TASK TO CARRY OUT: In the listing below, locate the line containing "步骤三:将所有的头发收拢,用皮筋扎好,并用发饰点缀。" and the line containing "Kinesisk Cloisonné Vase.". Output both of them and every line between, exactly as written, and nothing more.

SOURCE INFORMATION:
_____
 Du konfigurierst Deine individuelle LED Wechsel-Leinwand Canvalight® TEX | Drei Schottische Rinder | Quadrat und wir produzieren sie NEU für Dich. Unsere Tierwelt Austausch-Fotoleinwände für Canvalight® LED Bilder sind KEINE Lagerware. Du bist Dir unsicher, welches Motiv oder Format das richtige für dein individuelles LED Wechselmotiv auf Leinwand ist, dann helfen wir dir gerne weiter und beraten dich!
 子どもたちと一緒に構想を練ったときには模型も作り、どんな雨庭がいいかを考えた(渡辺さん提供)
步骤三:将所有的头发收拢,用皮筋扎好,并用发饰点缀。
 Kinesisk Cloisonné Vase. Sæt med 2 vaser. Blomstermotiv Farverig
_____
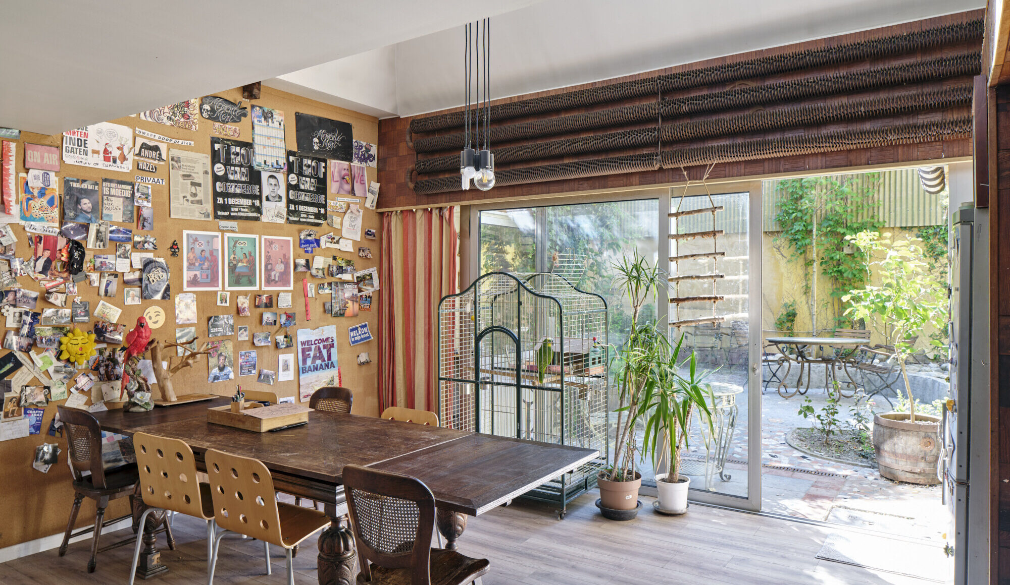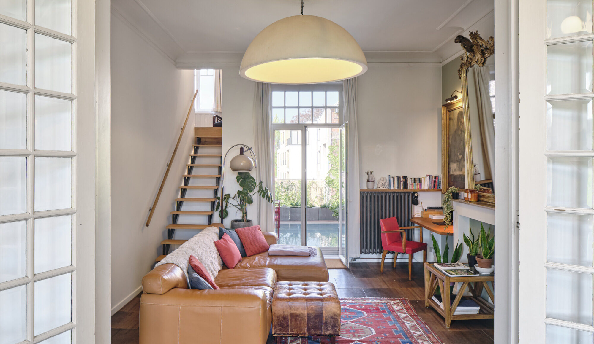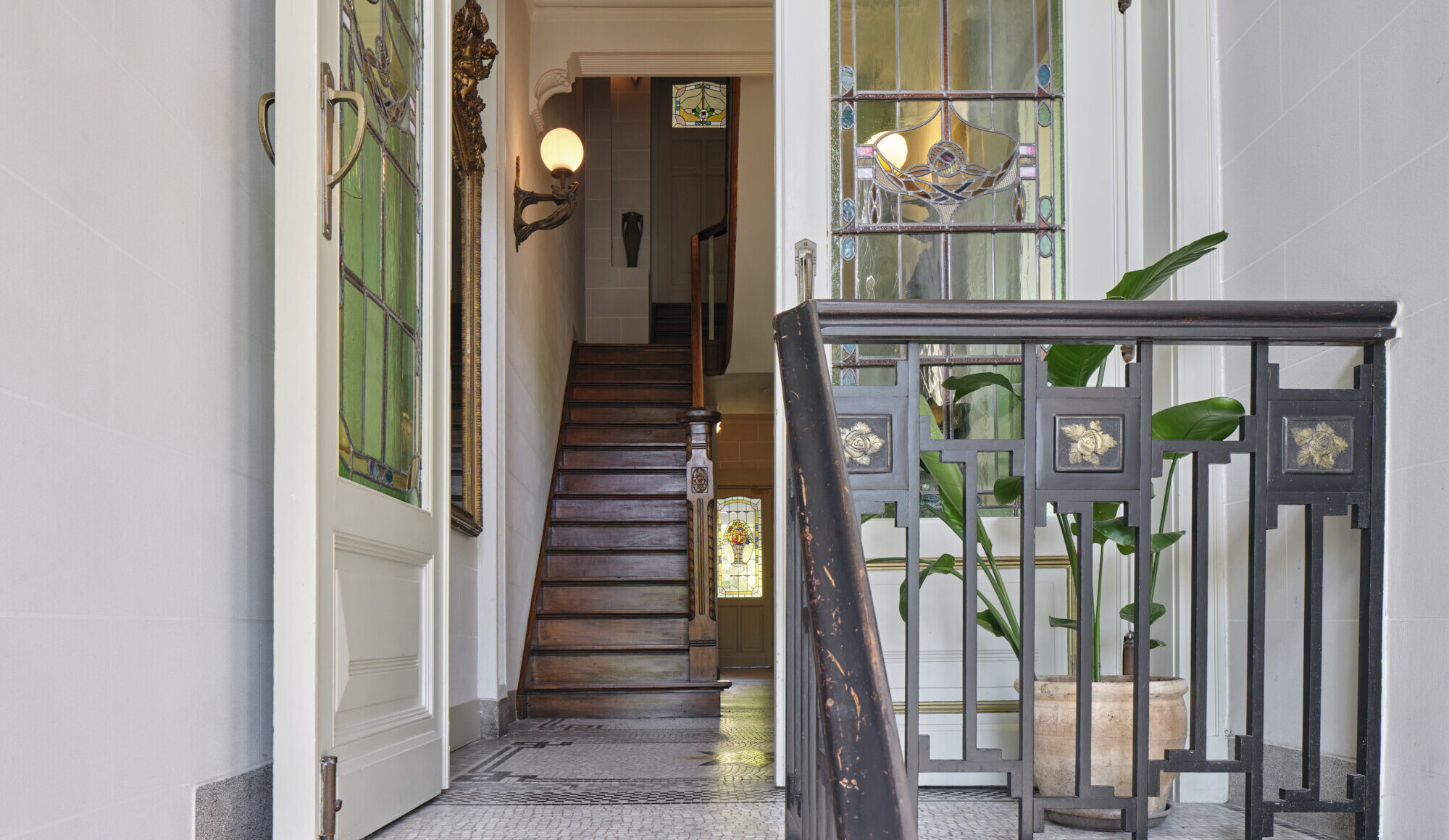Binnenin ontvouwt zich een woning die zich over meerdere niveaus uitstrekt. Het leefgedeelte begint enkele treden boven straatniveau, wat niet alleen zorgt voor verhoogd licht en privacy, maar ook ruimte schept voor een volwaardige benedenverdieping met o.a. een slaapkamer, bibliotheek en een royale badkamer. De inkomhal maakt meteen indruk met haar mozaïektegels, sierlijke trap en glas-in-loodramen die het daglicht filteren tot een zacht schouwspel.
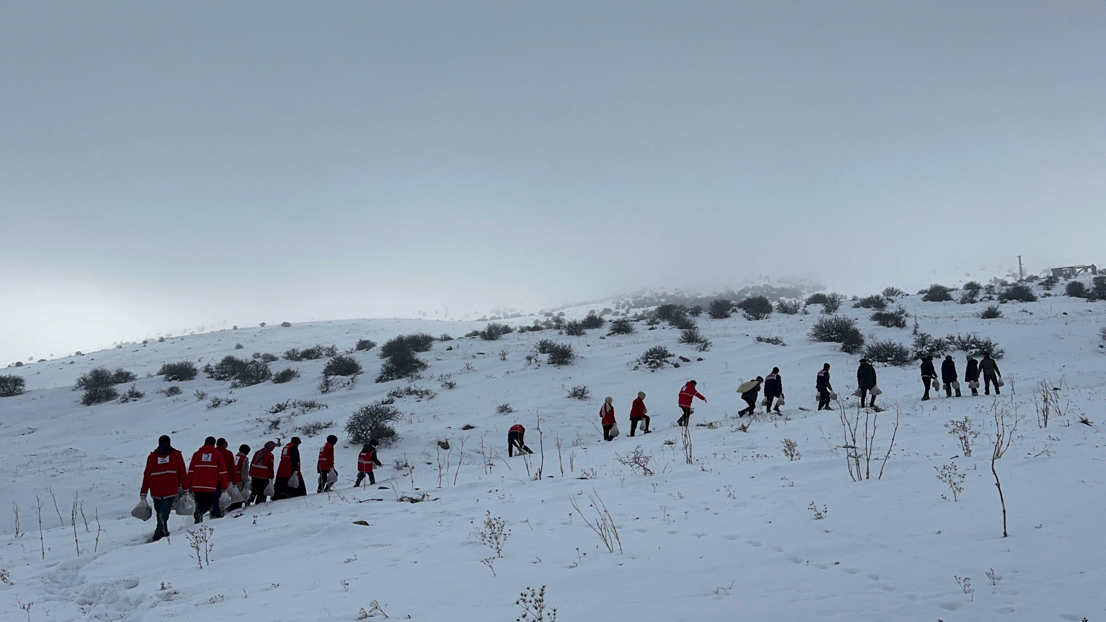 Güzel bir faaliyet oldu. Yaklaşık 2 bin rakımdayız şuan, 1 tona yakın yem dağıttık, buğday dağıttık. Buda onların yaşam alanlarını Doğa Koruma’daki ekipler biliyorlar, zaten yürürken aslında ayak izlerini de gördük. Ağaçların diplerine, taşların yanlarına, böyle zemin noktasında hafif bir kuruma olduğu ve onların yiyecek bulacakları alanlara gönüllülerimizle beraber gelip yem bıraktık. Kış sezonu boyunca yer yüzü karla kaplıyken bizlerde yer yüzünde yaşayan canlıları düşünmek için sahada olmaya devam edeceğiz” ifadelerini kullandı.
_____
RESULT OF THIS TASK:
步骤三:将所有的头发收拢,用皮筋扎好,并用发饰点缀。
 Kinesisk Cloisonné Vase. Sæt med 2 vaser. Blomstermotiv Farverig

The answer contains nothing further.